2017 predictions: JDW boss slams BBPA Brexit warnings

By Nikkie Sutton

- Last updated on GMT

Disagreement: JDW boss Tim Martin doesn't think the BBPA is correct in its predictions
Disagreement: JDW boss Tim Martin doesn't think the BBPA is correct in its predictions

Related tags Future Minimum wage Alcoholic beverage

JD Wetherspoon boss Tim Martin has hit back at BBPA chief executive Brigid Simmonds following her claims that Brexit and its consequences will be the main challenge for the sector next year.

He said he felt her predictions were not an accurate portrayal of 2017 or future years.

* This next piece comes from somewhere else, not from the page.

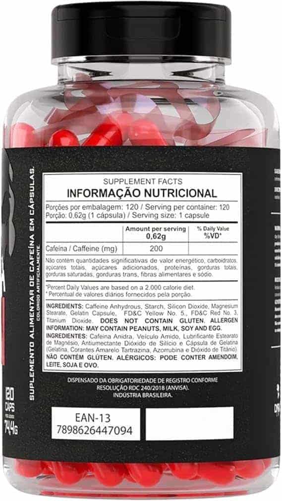 Cafeína anidra, veículo amido, lubrificante, estearato de magnésio, antiumectante dióxido de silício e cápsula de gelatina (gelatina, corantes amarelo tartrazina, azorrubina e dióxido de titânio). NÃO CONTÉM GLÚTEN.

Martin said: "In a recent prediction for 2017, Brigid Simmonds, of the British Beer & Pub Association (BBPA), told the pub industry press that 'the coming year will be dominated by Brexit and its consequences​'.

"Brigid is rightly admired in the licensed trade for her excellent work, but I don’t feel that this is an accurate portrayal of the next 12 months, or indeed future years.

"By far the greatest cost increases for the licensed trade as a whole in the next year will come, rightly or wrongly, from legislation which originates in the UK and is nothing to do with Brexit.

He said the main increase for the trade will be labour, as a result of the minimum and living wage legislation, with further rises in business rates.

Rising costs

The JDW boss said Mitchells & Butlers had previously pointed out that labour costs would increase by around £20m next year thanks to government legislation and business rates would rise by £18m over the following five years.

He added: "In contrast Mitchells & Butlers indicated that total costs from their 'supply chain', including the costs of goods purchased from abroad, would be negligible.

"This view is in line with Wetherspoon’s experience, and indeed the experience of most other companies in the licensed trade which have made public disclosure of their costs."

However, Martin said the real issue for the industry is VAT.

Pubs will need to put their prices up

He added: "Pubs pay 20% VAT in respect of food sales, whereas supermarkets pay nothing, and pubs also pay business rates of about 16p or 17p per pint, compared to about 2p for supermarkets.

"As a result of supermarket labour costs, as a percentage of sales, being far lower than pubs’, combined with much lower business rates, pubs will need to put up their prices in the coming year far more than supermarkets to cover their costs - that is the real challenge for the industry.

"Unless the pub industry can achieve approximate tax equality with supermarkets, pubs will continue to close."

Martin was an outspoken Brexiteer​ when the EU referendum took place earlier this year (June) and avidly campaigned for a 'Leave' result.

He added: "The issues around the excellent EU labour force are a valid anxiety for publicans, but it is not being seriously suggested by politicians that EU residents living in the UK should not be allowed to stay and most politicians are sympathetic to immigration where there are labour shortages in the UK - and these potential issues will not make a direct impact for more than two years from now, in any event.

"It is important to emphasise that “Brexit” is not the main issue for the pub trade in the coming 12 months, although it is obviously an important political and economic issue for the future of the country generally."